# In law trouble. I don't want to visit



## needopinion (Sep 10, 2010)

I have a very cruel mother in law. She is emotionally abusive to our son. She literally told him that he was not the best in his karate class and a little girl who she did not know was HER favorite because she likes girls better. She is horrible. She won't play with him and chastises him. It's a rough time every time she visits. 

Well my husband wants to go visit them out of state. His dad just left 2 weeks ago! He wants me to demand time off at work. This despite I was recently notified they may not sign me to another contract. I told him that he could go with our son but that I have to leave time off for more interviews. He said well "that's taking time off so why can't you take time off to spend with my family". I said I'm trying to keep good on the table and you are more worried about seeing your emotionally abusive parents? I told him that providing for MY family is more important right now. He's mad. Am I crazy? I can't believe that he's mad about this and equating a day off to interview for a new job as vacationing with his family who was JUST here.
_Posted via Mobile Device_


----------



## Married&Confused (Jan 19, 2011)

does your husband view his mother as "emotionally abusive"?

my family can be very sarcastic. always have been. my wife's family was never like that so when she visits with my family, she gets offended by the sarcasm directed towards her.

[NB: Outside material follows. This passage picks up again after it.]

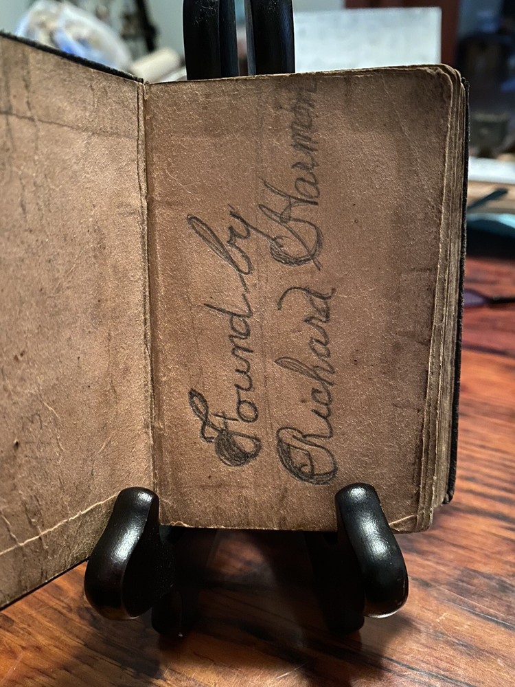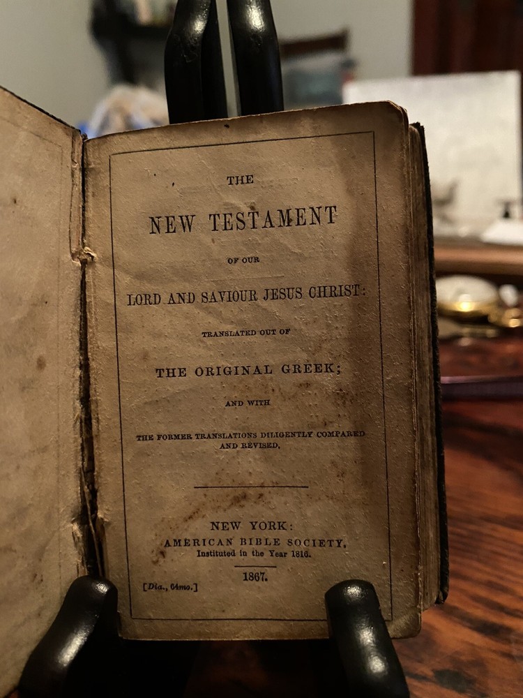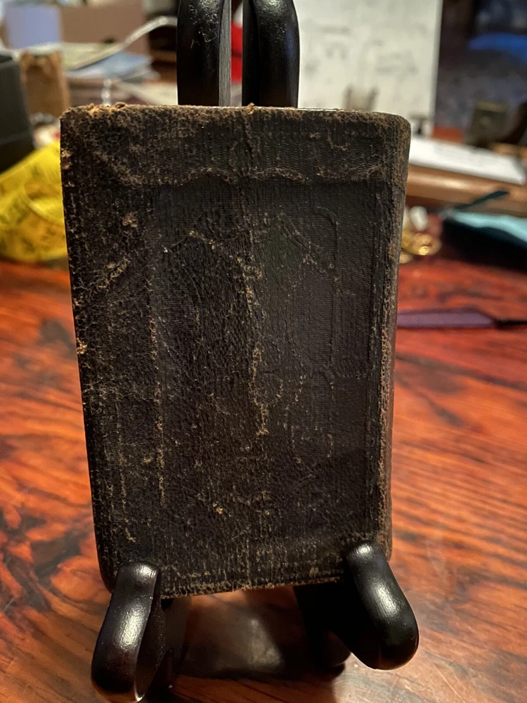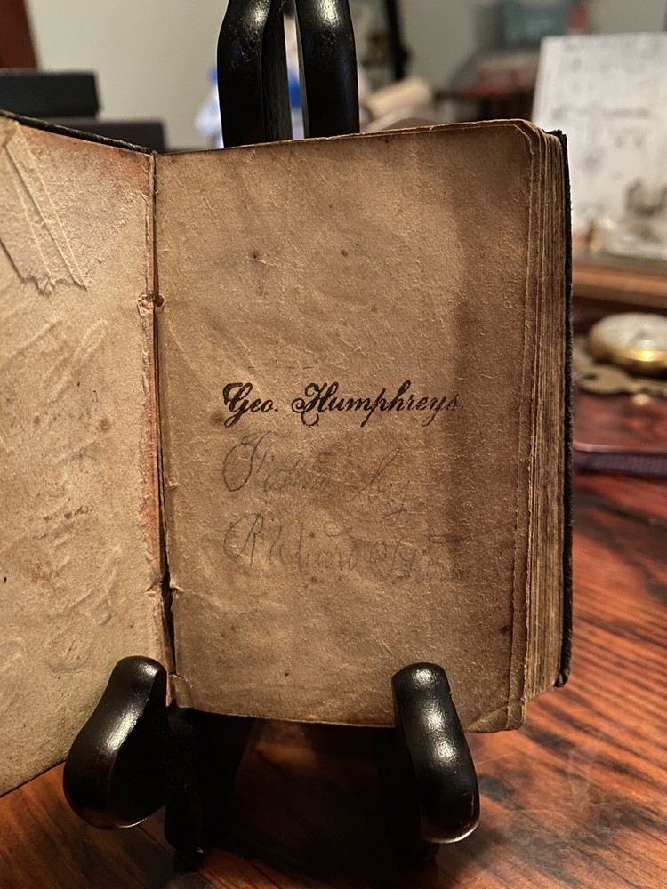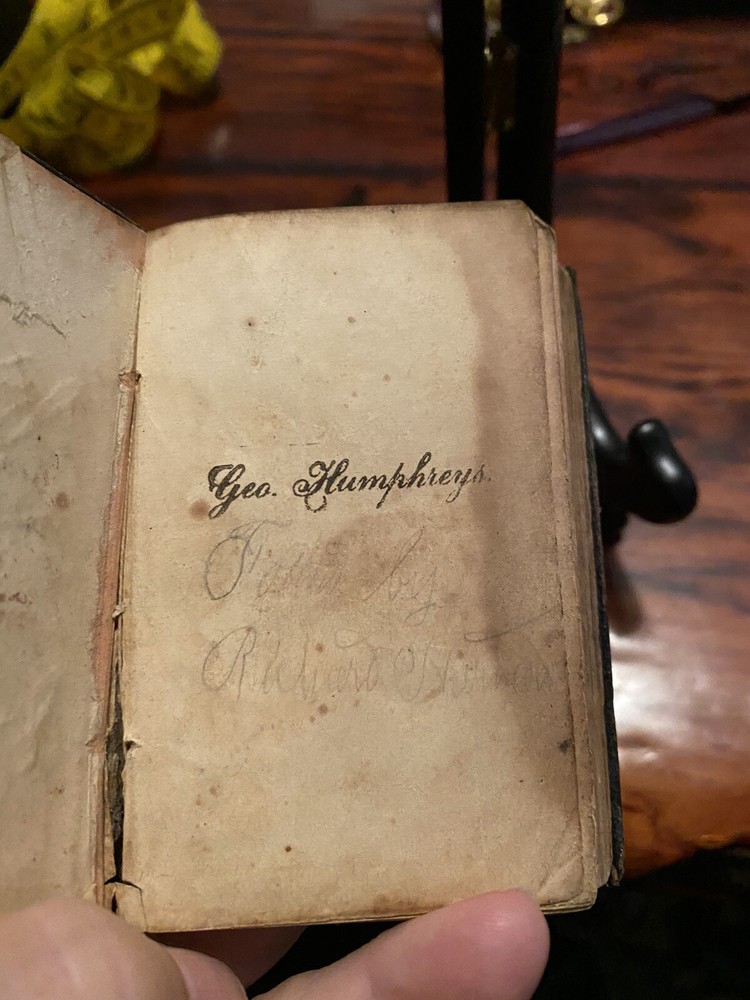 1867 New Testament. Shipped with USPS Media Mail. Has the name Geo Humphries printed or stamped in Bible. Also has hand written ‘Found by Richard Harmon” twice. Has some water damage at back see photos I found this Richmond, Va as far as I can remember. Measures 3 3/4 inches tall.

is it intended to hurt her? no but that's how she perceives it. so take a step back and look at the situation. if your husband doesn't perceive this as "emotionally abusive", you can see why your not going creates a problem.

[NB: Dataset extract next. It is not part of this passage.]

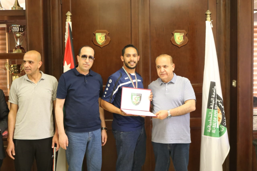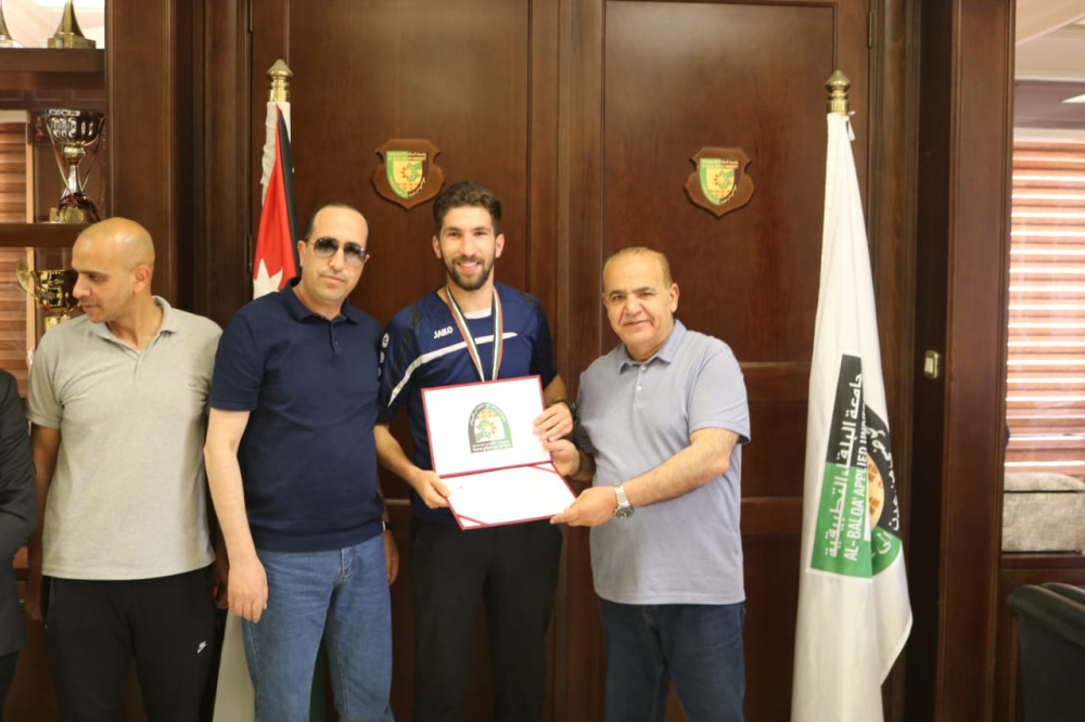 تقديراً لجهودهم في بطولة الاستقلال ضمن اتحاد الكليات الجامعية والجامعية المتوسطة كرم عميد كلية عمان الجامعية الاستاذ الدكتور مروان النسور فريق كلية عمان لحصوله على المركز الاول في البطولة.

however, unless the visit is for something special (death in the family, etc...) taking time off at a sensitive time at your job isn't a smart thing to do and hubby should understand that, as long as you aren't using your job as an excuse.


----------



## needopinion (Sep 10, 2010)

Well yes. My husband fully acknowledges that she is down right cruel. But it's really 2 separate issues. I said I can't go because of this work issue. It's the honest truth. I was prepared to go last month but his dad chose to come see us instead. But he said that I shouldn't care about my employment issue when it comes to vacation. He said you took last Friday off! I said it was for a JOB interview. He said well don't say you can't take time off then....





Married&Confused said:


> does your husband view his mother as "emotionally abusive"?
> 
> my family can be very sarcastic. always have been. my wife's family was never like that so when she visits with my family, she gets offended by the sarcasm directed towards her.
> 
> ...


_Posted via Mobile Device_


----------



## SunnyT (Jun 22, 2011)

Your h is being a jerk. Your job matters. Your wishes matter. You are not preventing him from going. Don't feel bad about it....and try not to leave it on bad terms. His mom is his mom..... even when she's a *****.


----------